PROBLEM STATEMENT:
In the material below, the lines between the one holding "Ring, Sparky Logo" and the one holding "Be the first", inclusive, are to be set down word for word. Pictures stay out.

PROVIDED RECORDS:
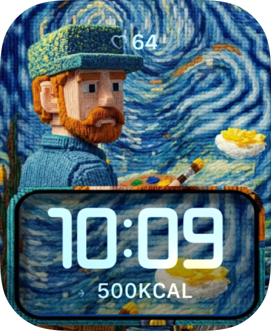The Starry Stitch watch face turns a classic painterly scene into a cozy textured design 🧶🌌 The stitched portrait, swirling blue sky, and rich handcrafted details give it a warm artistic feel. A transparent time panel keeps the layout readable without covering the artwork too heavily. 🎨✨
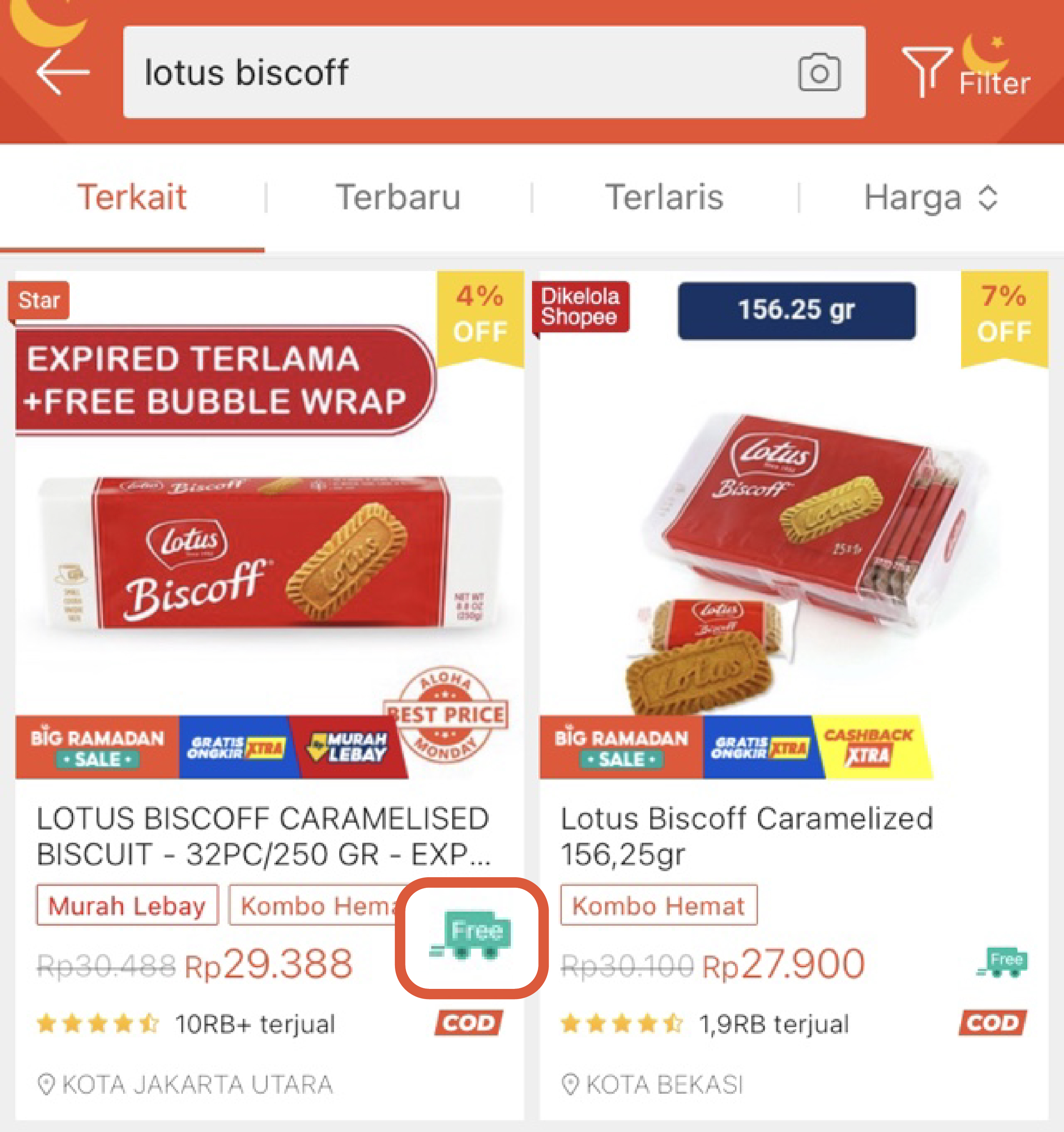 3. Filter pencarian Gratis Ongkir.
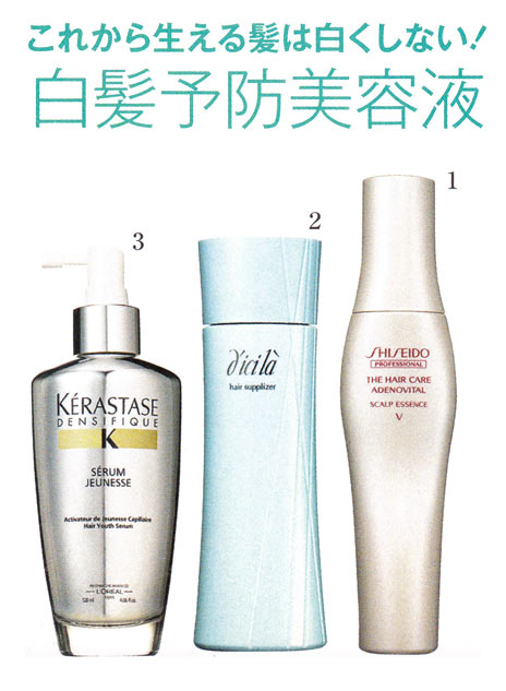 近ごろ、生え際とトップの分け目に出現。かき上げると見えるのでなんとかしたい。現状はやや暗めのカラー。あまり明るくせずにキープしたい。
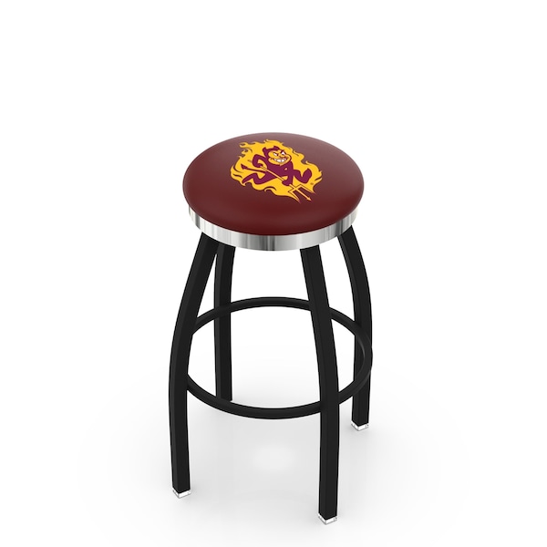 36" Blk Wrinkle Arizona State Swivel Bar Stool, Chrome Ring, Sparky Logo
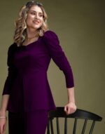 Be the first to review “Purple Puff Sleeve Solid Co-Ords Set”
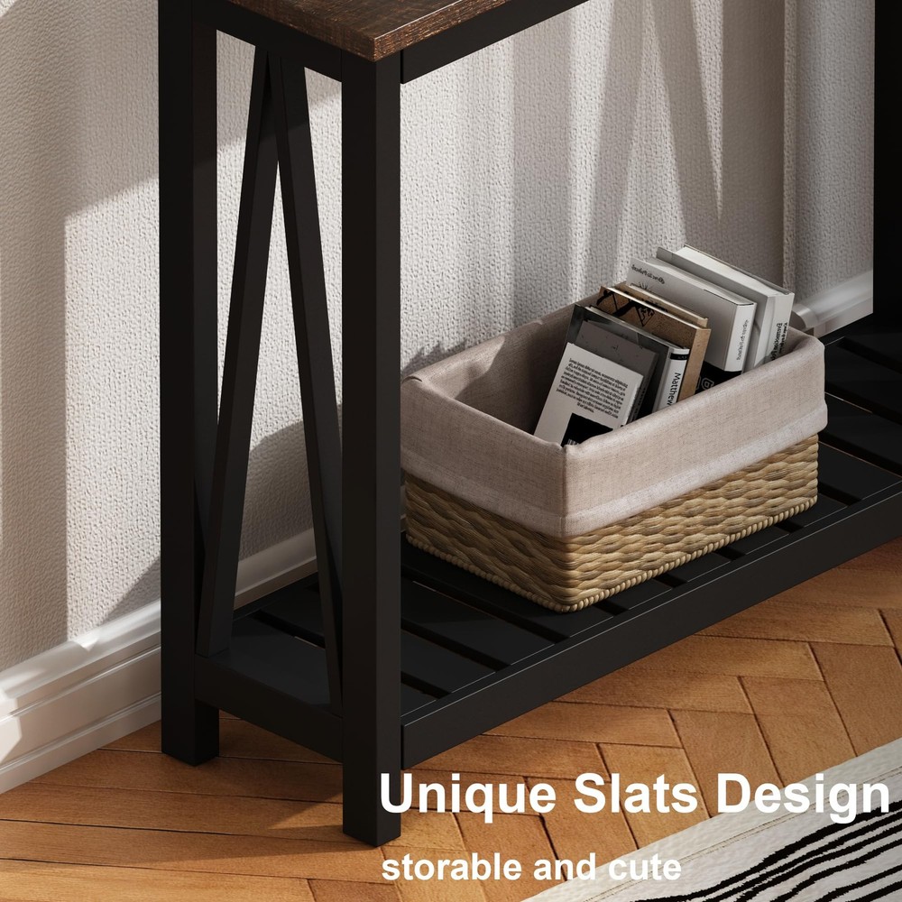This console table is a perfect blend of farmhouse charm and modern functionality! The sturdy P2 MDF construction ensures long-lasting durability, while the melamine veneer top resists water, heat, and dust—easy to clean with just a damp cloth. Love the decorative slatted bottom shelf for extra storage and style. It’s sleek, spacious, and adds a cozy yet elegant touch to any entryway, living room, or hallway. Highly recommend for anyone looking to upgrade their home decor with a practical and beautiful piece!
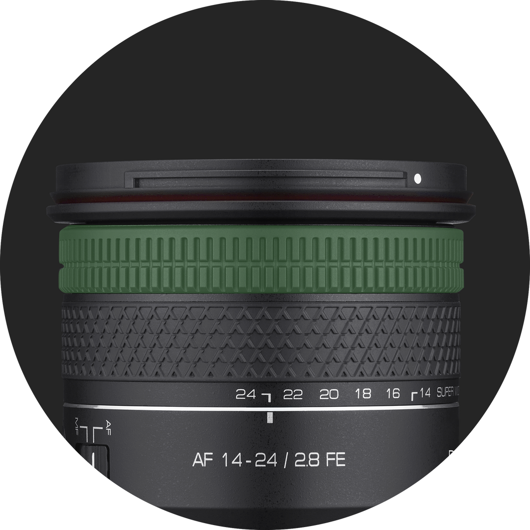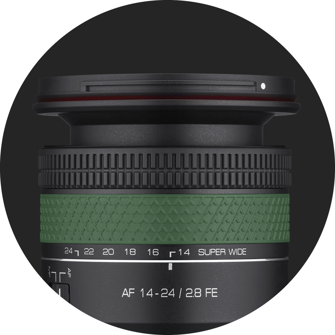Enables smooth focal length adjustment from 14mm through 24mm, offering versatile framing from ultra-wide to standard wide-angle views.
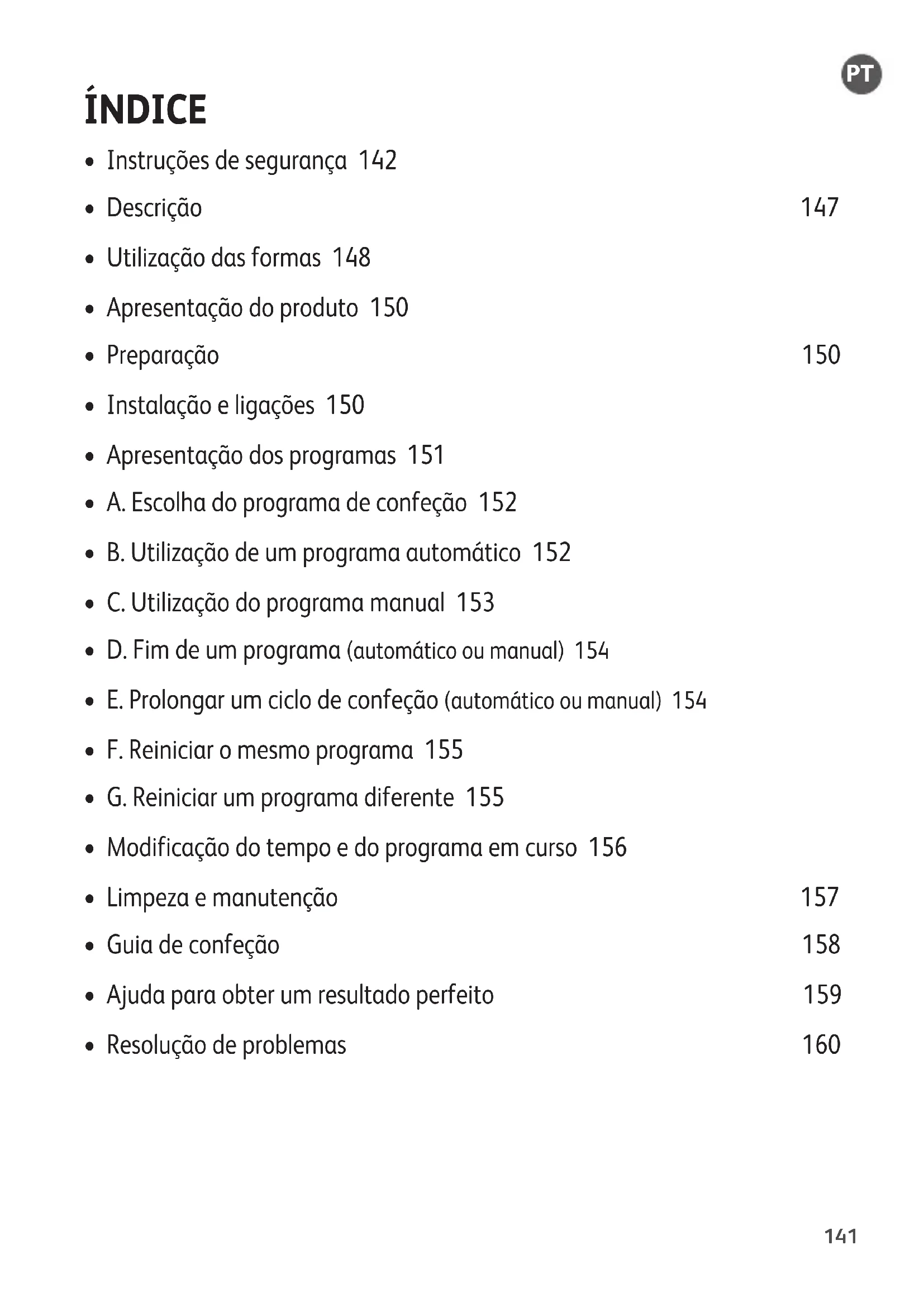 PTApresentação dos programas No caso de dúvidas acerca do modo de confeção a utilizar, consulte o guia de confeção na página
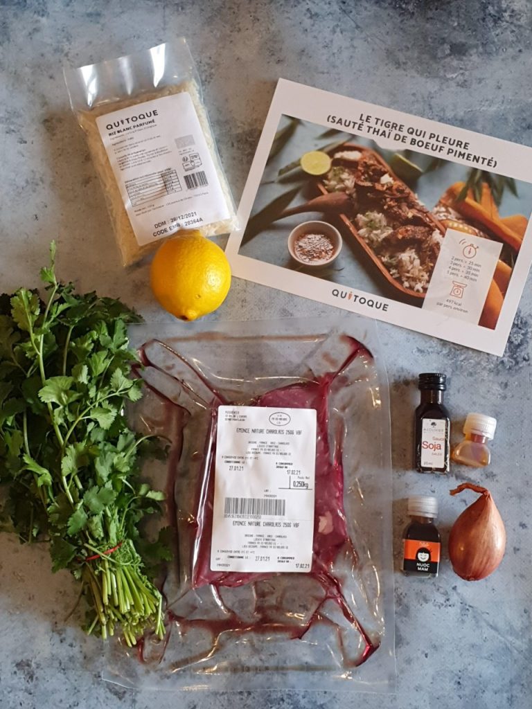 - 250g d’émincé de boeuf charolais (la viande contenue dans le panier à cuisiner Quitoque était vraiment de bonne qualité et très tendre !)

EXPECTED ANSWER:
 36" Blk Wrinkle Arizona State Swivel Bar Stool, Chrome Ring, Sparky Logo
 Be the first to review “Purple Puff Sleeve Solid Co-Ords Set”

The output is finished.